- Genre: Comedy Politics
- Country of origin: United States
- Language: English

Cast and voices
- Hosted by: Ethan Klein Hasan Piker

Production
- Length: 95–231 minutes

Publication
- No. of episodes: 61
- Original release: September 26, 2021 – October 12, 2023

= Leftovers (podcast) =

Leftist political podcast

Leftovers was an American leftist political podcast hosted by Ethan Klein and Hasan Piker on the H3 Podcast. It is focused on politics and internet culture. Klein stated that "the spirit of this show is not serious policy debate. It's bringing righteous justice to these shit-bags [and] clowning on idiots".
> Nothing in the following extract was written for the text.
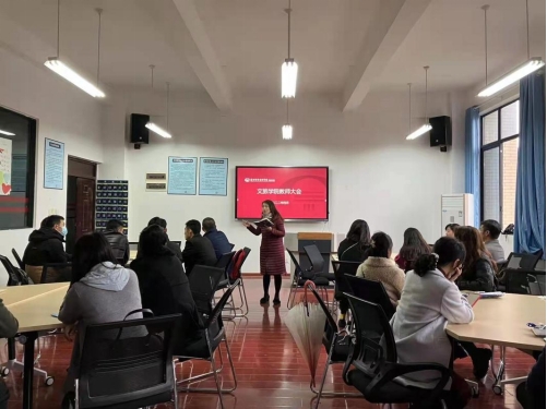 2022年4月1日,文旅学院在4316召开教师大会,全体教师参加,党总支书记、院长黄顺红主持会议。

The series features guests such as Amouranth, Liver King, and Andrew Callaghan as well as commentators such as Marxian economist Richard D. Wolff.

== History ==
The series debuted on September 26, 2021, and was hosted on the H3 Podcast YouTube channel and other podcast platforms The show was a successor to Kleins' previous podcast Frenemies, which ended in July 2021. Tubefilter reported that the first episode reached 1 million views a day after being published.
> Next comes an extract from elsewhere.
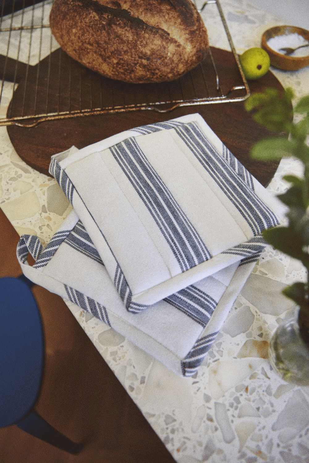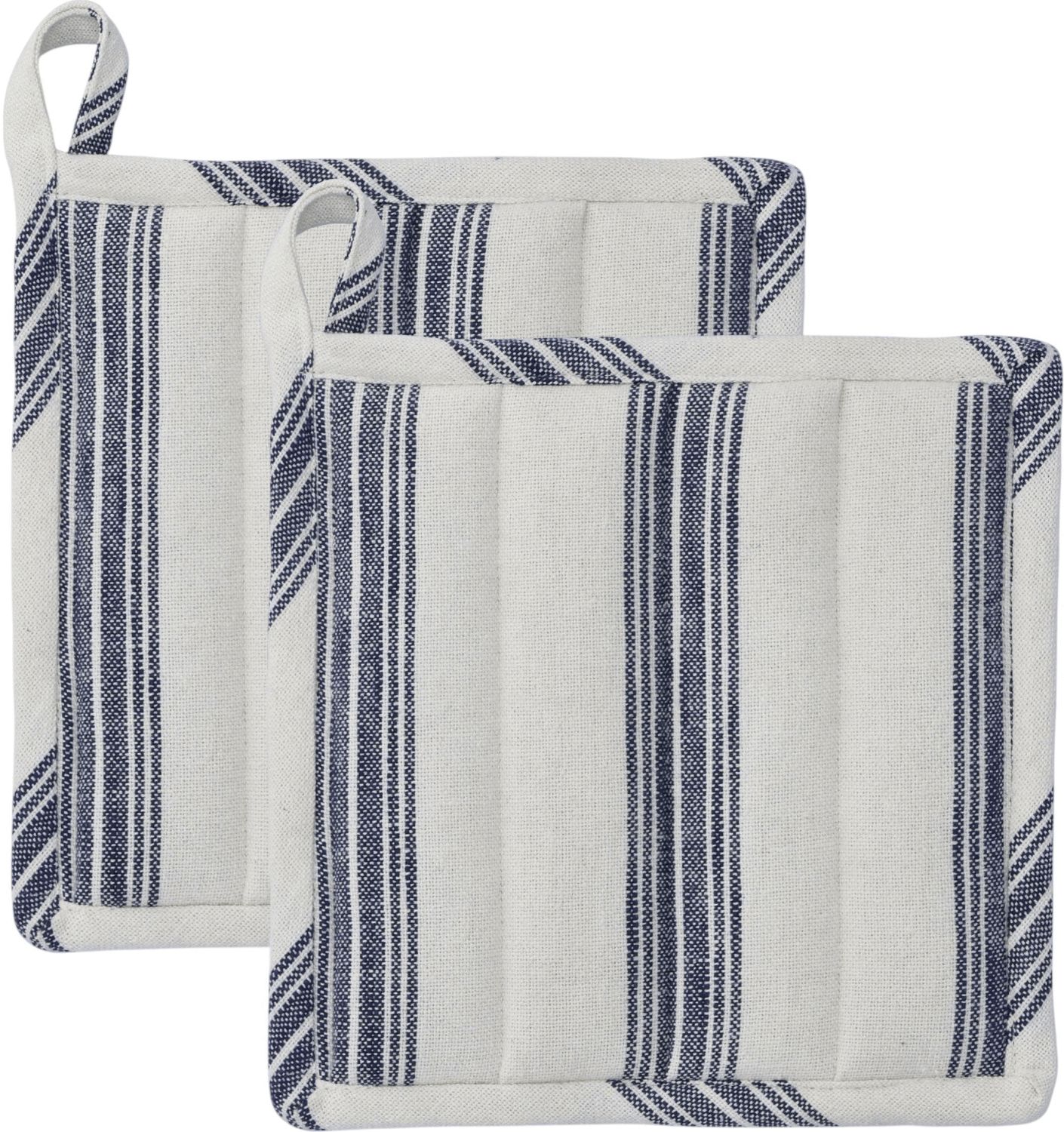 De blå striber giver et visuelt løft til køkkenet og skaber en harmonisk sammenhæng, når de kombineres med andre tekstiler fra samme serie. Uanset om du er midt i travle madlavningsstunder eller nyder en rolig stund ved køkkenbordet, tilføjer disse grydelapper både stil og praktisk værdi til dit køkken.

Prior to the start of the podcast, Klein and Piker had collaborated before. In August 2020, Piker was featured as a guest on episode No. 207 of the H3 Podcast. In July 2021, Klein and Piker joined to debate streamers xQc and Trainwreckstv on the ethics of promoting gambling to their audiences. Piker stated that, after the debate with the streamers, he knew he and Klein would make a show together eventually.

In October 2022, episode 29 of the podcast (titled "Ethan Is Cancelled For Ben Shapiro Joke & Midterm Special Coverage – Leftovers #29") was removed off YouTube when the channel received a week-long ban. The episode is still available on podcast platforms.

On October 12, 2023, Klein and Piker hosted an episode devoted to discussing the October 7 attacks and their ramifications in the context of the broader Israeli–Palestinian conflict. Shortly afterward, the podcast went on hiatus indefinitely.